Communication is a multi-dimensional, multi-factorial tool that is critical to all aspects of health care. Generally, an intensivist and/or plastic surgeon leads burn victim cases. However, in addition to nursing and ancillary staff, other specialists will be involved in the patient's care. A cross-sectional, descriptive, analytic study identified communication barriers for these patients, including the hectic environment of the intensive care unit (ICU) and poor communication of symptoms by the patient due to a medical condition.[46] Therefore, providing a safe and calm environment for patients to communicate their needs is imperative to achieving clear communication.

For burn victims, an interprofessional approach must be incorporated to obtain the best outcomes.
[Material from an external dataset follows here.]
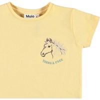 Ranva är en gul t-shirt med en häst på vänster sida och texten "young and free".
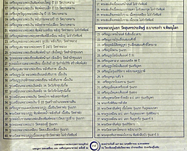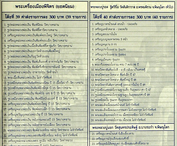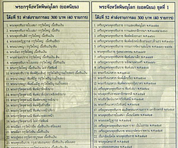 | โต๊ะ 51 พระกรุจังหวัดพิษณุโลก (ยอดนิยม) รวม 40 รายการ,โต๊ะ 52 พระจังหวัดพิษณุโลก (ยอดนิยม) ชุดที่ 1 รวม 40 รายการ |

The nursing staff needs to work with the clinical team (MDs, DOs, NPs, and PAs) to monitor fluids, urine output, vital signs, and breath sounds to avoid fluid overload while maintaining appropriate hydration. Any patient status changes require immediate documentation and communication to the appropriate interprofessional team member(s), so any necessary interventions can be initiated. Burn victims are challenging; untoward changes may be caused by sepsis, cardiac deficiency, neurogenic causes, or lack of fluid balance. An astute team of experienced nurses and clinicians is needed for the best clinical success. [Level 5]

This research was supported (in whole or part) by HCA Healthcare and/or an HCA Healthcare affiliated entity. The views expressed in this publication represent those of the author(s) and do not necessarily represent the official views of HCA Healthcare or any of its affiliated entities.